Fig. 5 is an underground partial view of the present invention.

Fig. 6 is a sectional view of the condensation chamber of the present invention.

Fig. 7 is a sectional view of A-A in Fig. 6 .

Fig. 8 is a structural schematic diagram of the heat pipe of the present invention.

Fig. 9 is a structural schematic diagram of a plurality of pipelines (descending section) flowing from the evaporating end to the condensing end in the present invention.

Fig. 10 is a schematic diagram of the pipeline connection structure in which the position of the capillary core is set according to the present invention.

Reference signs are as follows: 1 fan, 2 planetary gear transmission, 3 helical blade, 4 air outlet channel, 5 air inlet channel, 6 loop heat pipe evaporation end, 7 condensation chamber, 8 loop heat pipe condensation end, 9 evaporation end flow to condensation end pipeline (descending section), 10 condensing end flows to evaporating end pipeline, 11 condensing chamber inlet pipe, 12 fins, 13 capillary core.

Detailed ways

The specific embodiments of the present invention will be described in detail below in conjunction with the accompanying drawings.

In this article, if there is no special explanation, when it comes to formulas, "/" means division, and "×" and "*" mean multiplication.

The specific embodiments of the present invention will be described in detail below in conjunction with the accompanying drawings.

An anti-gravity loop heat pipe, as shown in Figure 8, the heat pipe includes an evaporation end 6 and a condensation end 8, the evaporation end 6 is located on the upper part of the condensation end 8, a part of the evaporation end 6 is arranged in the fluid ascending section, and the Capillary wicks 13 are provided on at least a part of the evaporation end of the fluid ascending section, as shown in FIG. 10 .

As a preference, the evaporating end includes two parts: the pipeline from the evaporating end to the condensing end (the descending section) 9 and the ascending section. Among them, as a preference, a pipeline 10 from the condensing end to the evaporating end is provided in the ascending section.

As shown in Figure 1, a loop heat pipe air water intake device includes a fan device 1, an air inlet channel 5, an air outlet channel 4, a loop heat pipe and a water storage condensation chamber 7, and the water storage condensation chamber 7 is arranged in the soil In the cold source, the loop heat pipe is an anti-gravity heat pipe, the outlet of the air inlet channel 5 and the inlet of the air outlet channel 4 communicate with the water storage condensation chamber, and the fan device 1 introduces air from the air inlet channel 5 to the water storage The condensation chamber 7 exchanges heat with the evaporation end 6 during the process, and the condensation end 8 conducts heat to the external soil cold source.

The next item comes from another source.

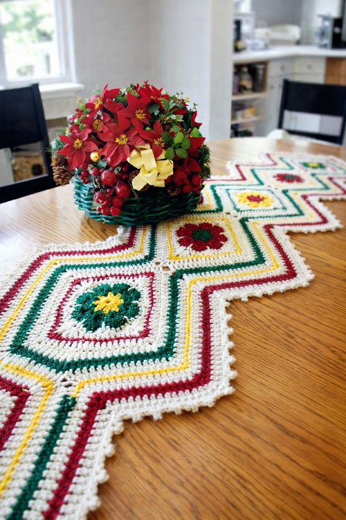 Try this pretty table runner from Pattern-Paradise. It is perfect to decorate your tables during Christmas as the color combination is perfectly match with festive season.Â

The invention provides an air water intake device of a loop heat pipe with a new structure. By setting the loop heat pipe as a high-efficiency heat transfer tool, the principle is simple, the structure is compact, and the cooling efficiency is significantly improved. Moreover, the present invention utilizes the temperature difference between the above-ground air and the underground soil to force the moist air to reach the dew point, thereby getting rid of the dependence on electricity, and can truly achieve zero emission and zero pollution.

Preferably, at least a part of the evaporation end 6 of the loop heat pipe is installed at the entrance of the water storage condensation chamber 7 .

As preferably, the condensing chamber 7 inlet pipe is set between the condensing chamber 7 and the fan device 1, at least a part of the air inlet channel 5 is arranged in the condensing chamber 7 inlet pipe, and at least a part of the condensing chamber 7 inlet pipe is arranged in the external soil In cold source. With such setting, the air in the air inlet channel 5 can directly participate in the heat exchange of the external soil cold source, so that the air can be further cooled under the joint action of the soil and the loop heat pipe, and the cooling effect can be improved.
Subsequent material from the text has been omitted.